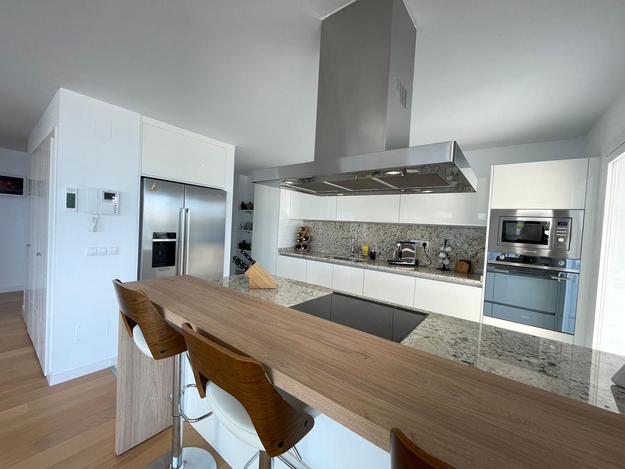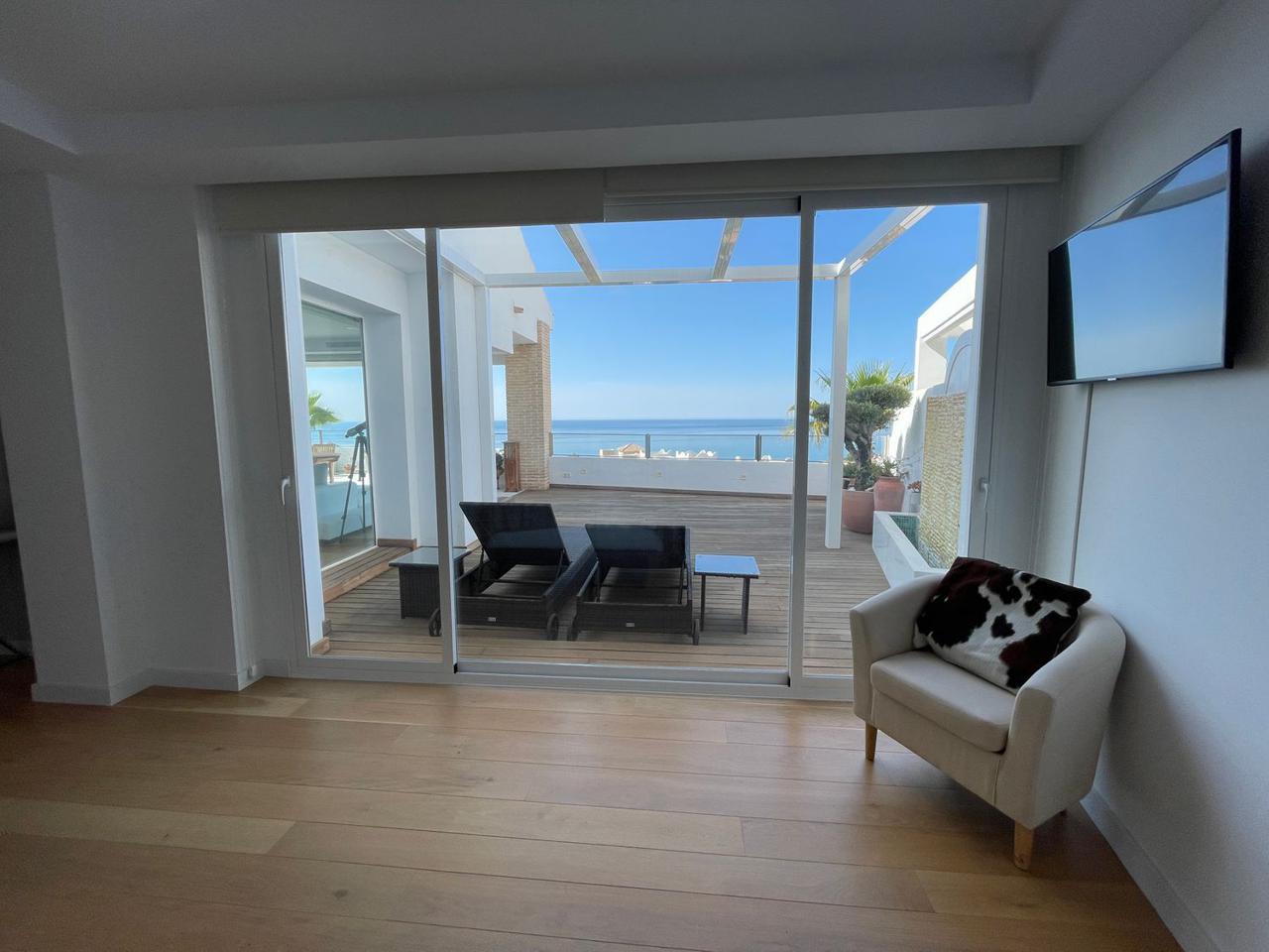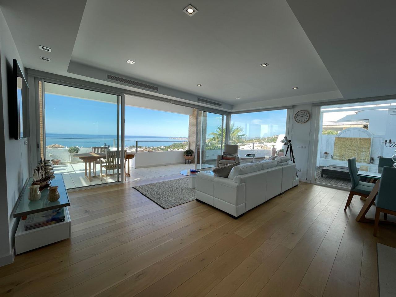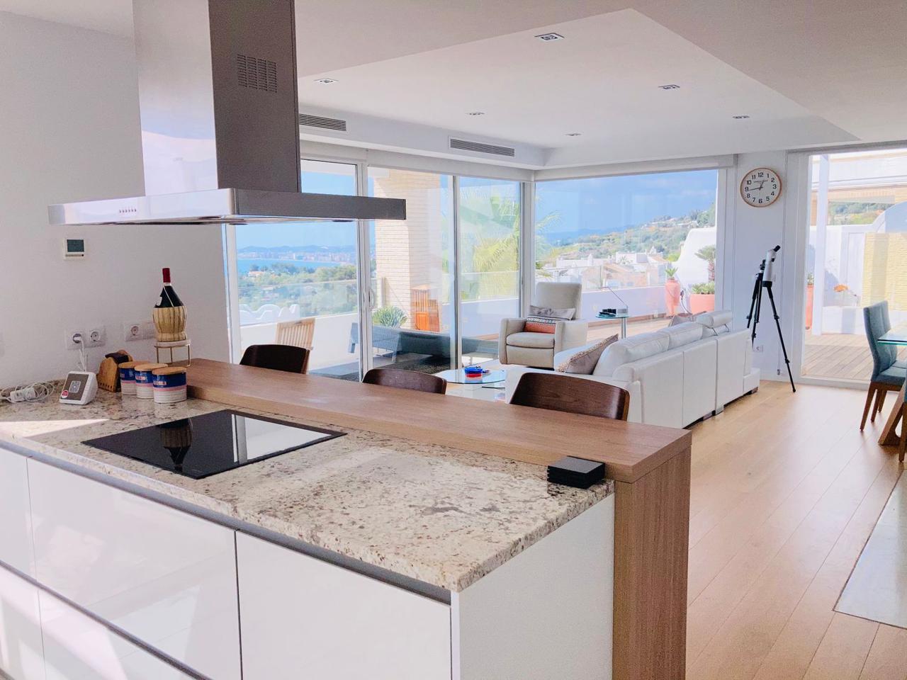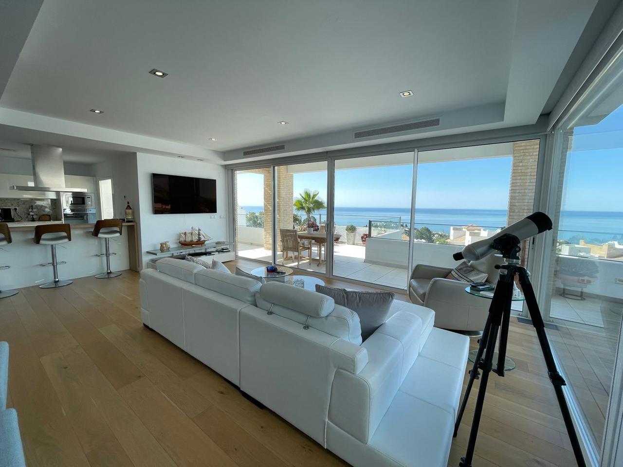 Consta de 4 dormitorios con 4 baños completos en suite y terraza privada cada uno de ellos, aseo, cocina abierta totalmente equipada a uno de los salones (ya que dispone de dos) jardín, trastero, garaje cerrado privado y también con vistas espectaculares al mar.
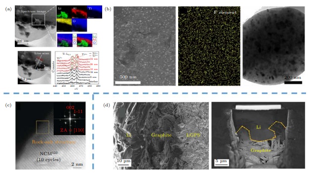 圖1 物理接觸界面的結(jié)構(gòu)和物質(zhì)輸運(yùn)(a)LCO正極在全固態(tài)電池中結(jié)構(gòu)演化;(b)LNMO正極材料在全固態(tài)電池中的結(jié)構(gòu)演化;(c)LCO/LLZO固-固接觸界面結(jié)構(gòu)和物質(zhì)交換的調(diào)控;(d)NCM811/LGPS固-固接觸界面在工作中的結(jié)構(gòu)演化和物質(zhì)交換(來源:拱越等.全固態(tài)電池中界面的結(jié)構(gòu)演化和物質(zhì)輸運(yùn))
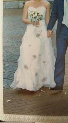 У меня было цвета слоновой кости с коричневыми крупными маками по всему лифу и юбке. Очень необычно, ни у кого ничего подобного не видела
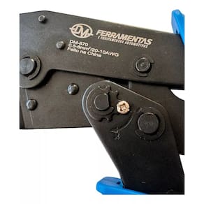 Alicate Profissional para crimpagem de terminais Automotivos 0,5 a 6mm Terminais ados: Faston macho e fêmea, superseal, econoseal, hylock, mat in lock e outros. ESPECIFICAÇÕES DE CRIMPAGEM: Cabos de 0.50 a 6mm 10 a 20 AWG 1o dente: 0,1 a 1mm 2o dente: 1 a 2,5mm 3o dente: 4 a 6mm Observação: Não acompanha terminais. Peso 0,600 kg Diferencial: Com catraca e regulagem de pressão Comprimento: 230mm Peso: 0,600Kg Material plástico: Nylon Cor do cabo do alicate: ul Material metálico: Aço Itens Inclusos: 1 Alicate crimpa terminais 1 Embalagem Blister. Marca: DM Ferramentas e equipamentos automotivos Garantia de 6 meses. (3 meses de garantia Legal contra defeito de fabricação e 3 meses de garantia concedido pela DM Ferramentas contra defeitos de fabricação) Marca: DM FERRAMENTAS
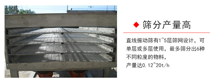 直線振動篩有1~5層篩網(wǎng)設計,可單層或多層使用,多篩分出6種不同粒度的物料,產(chǎn)量達0.12~20t/h。
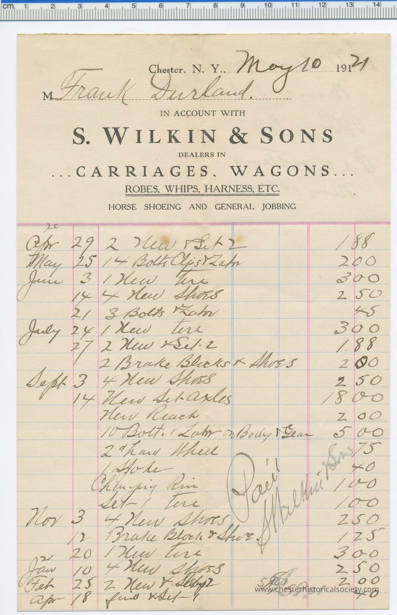 1921 - Wilkin, S. & Sons - Wagons, Hardness's, & Horse Shoes

_Task brief_
The pictures in the listing above are to be dropped, and everything else reproduced exactly.

_Written answer_
 Consta de 4 dormitorios con 4 baños completos en suite y terraza privada cada uno de ellos, aseo, cocina abierta totalmente equipada a uno de los salones (ya que dispone de dos) jardín, trastero, garaje cerrado privado y también con vistas espectaculares al mar.
 圖1 物理接觸界面的結(jié)構(gòu)和物質(zhì)輸運(yùn)(a)LCO正極在全固態(tài)電池中結(jié)構(gòu)演化;(b)LNMO正極材料在全固態(tài)電池中的結(jié)構(gòu)演化;(c)LCO/LLZO固-固接觸界面結(jié)構(gòu)和物質(zhì)交換的調(diào)控;(d)NCM811/LGPS固-固接觸界面在工作中的結(jié)構(gòu)演化和物質(zhì)交換(來源:拱越等.全固態(tài)電池中界面的結(jié)構(gòu)演化和物質(zhì)輸運(yùn))
 У меня было цвета слоновой кости с коричневыми крупными маками по всему лифу и юбке. Очень необычно, ни у кого ничего подобного не видела
 Alicate Profissional para crimpagem de terminais Automotivos 0,5 a 6mm Terminais ados: Faston macho e fêmea, superseal, econoseal, hylock, mat in lock e outros. ESPECIFICAÇÕES DE CRIMPAGEM: Cabos de 0.50 a 6mm 10 a 20 AWG 1o dente: 0,1 a 1mm 2o dente: 1 a 2,5mm 3o dente: 4 a 6mm Observação: Não acompanha terminais. Peso 0,600 kg Diferencial: Com catraca e regulagem de pressão Comprimento: 230mm Peso: 0,600Kg Material plástico: Nylon Cor do cabo do alicate: ul Material metálico: Aço Itens Inclusos: 1 Alicate crimpa terminais 1 Embalagem Blister. Marca: DM Ferramentas e equipamentos automotivos Garantia de 6 meses. (3 meses de garantia Legal contra defeito de fabricação e 3 meses de garantia concedido pela DM Ferramentas contra defeitos de fabricação) Marca: DM FERRAMENTAS
 直線振動篩有1~5層篩網(wǎng)設計,可單層或多層使用,多篩分出6種不同粒度的物料,產(chǎn)量達0.12~20t/h。
 1921 - Wilkin, S. & Sons - Wagons, Hardness's, & Horse Shoes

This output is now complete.